I think we don't see that kind of volume operation with AGPL for the reasons outlined above, which have little to do with AGPL itself, or how AGPL differs from L0-R, and would apply to L0-R also.

We have _certainly_ seen controversy about the motives and objectives of people enforcing copyleft conditions under FSF licenses.  Hence the recent "Principles of Community-Oriented GPL Enforcement".  (A)GPL-3.0 ensconces enforcement-for-compliance in retroactive forgiveness terms, right in license text.  L0-R licensors would have a choice on noncompliance.  Some might seek code.  Some might seek coin.  Some might seek both.

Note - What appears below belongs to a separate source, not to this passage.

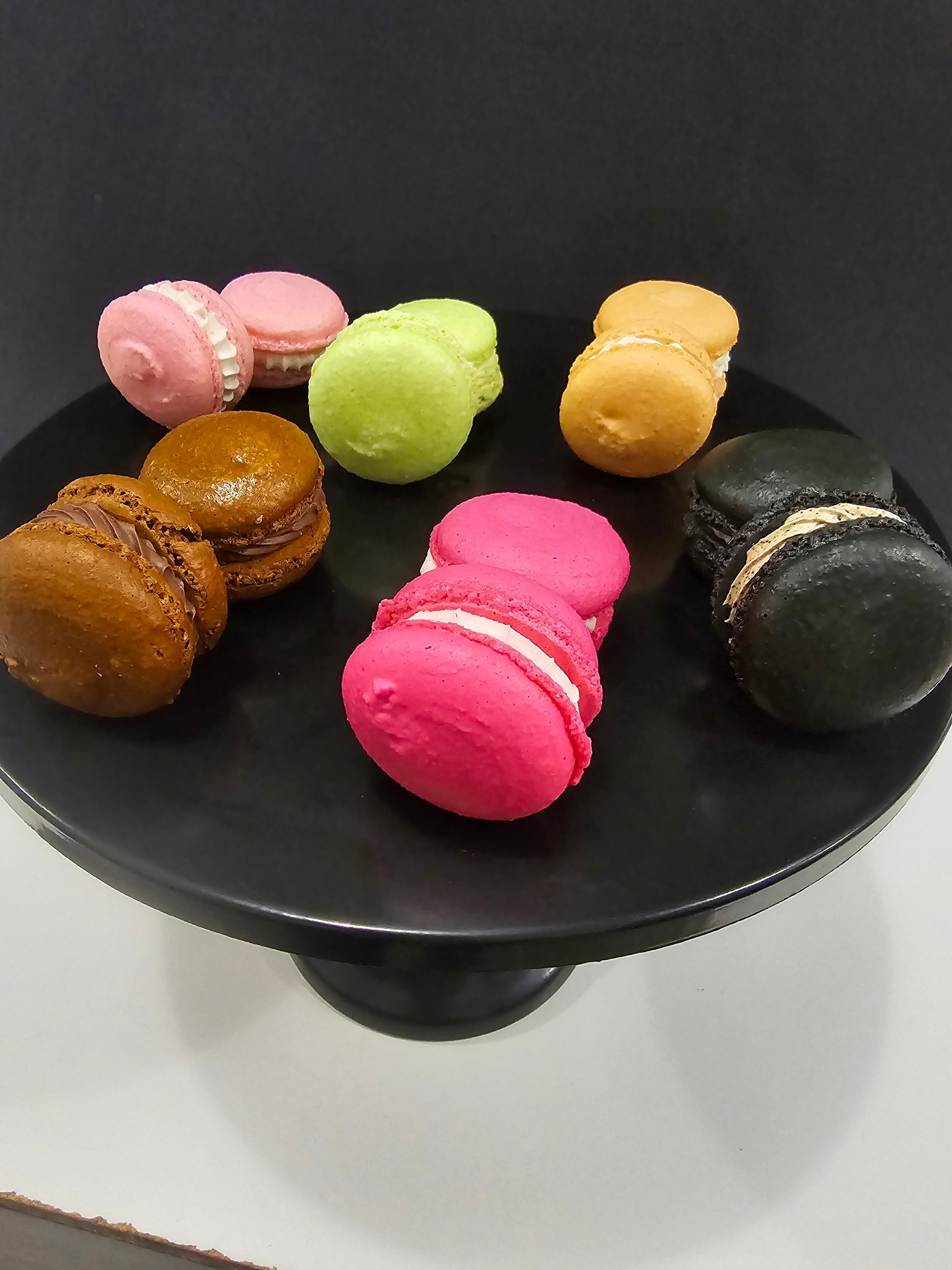 Nos magnifiques macarons sont fait à la main, entièrement avec des saveurs et des couleurs éclatantes. Délectez-vous de ces pettes douceurs réconfortantes, garnies de notre crème au beurre divinement fouettée et aromatisée d'une de nos 24 saveurs.

> Other questions include things like how long do I have to continue to
> publish as a developer?  At what point does L0-R consider that my
> development ended and I no longer have a requirement to publish?  There are
> FOSS projects that no longer exist that used to be on Java.net.  Can the
> upstream developers now force users to purchase a commercial license
> because the downstream project site went poof?

I'm sorry.  I don't follow.  The permissions granted under L0-R never go poof.  If they go anything, by neglect, they go permissive, by automatic waiver of the copyleft condition.

> What is "development" anyway?  Can I even look at the code in a code editor
> without triggering section 3?  That's usually my first step even before
> reading the docs.  Or does "development" happen the first time I compile
> the code?

All copyleft licenses face a challenge in defining the "trigger" for source and licensing requirements.  What is "interaction ... through a computer network" under (A)GPL?  What is "executing it on a computer"?  What is "distribution" under MPL-2.0?

Legal drafters have some tools and techniques to chip away at those challenges.  One of those tools is throwing in the towel and using terms from industry, as understood in industry.  An early draft of L0-R intentionally chose general terms _without_ any established meaning in software or law for the trigger.  The draft I proposed borrows "execute" and "develop" from software parlance, intentionally.  If the point is to write a license that software people can understand, the most best path to relative clarity is software-speak.

Legal drafters also learn to accept that perfect clarity is impossible, and that managing uncertainty is as important as reducing it.  Who should should bear irreducible uncertainty in L0-R's copyleft trigger?  The purpose of the license is to implement a very strong version of copyleft, in terse form, with structural escape valves in the form of a grace period and either alternative licenses or automatic, permissive relicensing.

In short, "What does 'development' mean here?" is actually a question to you and other software people.  What does "development" mean when you use it?  If "development" is ambiguous, L0-R lays that ambiguity at the feet of those angling to get by without sharing code, licensing Open Source, or supporting the developers.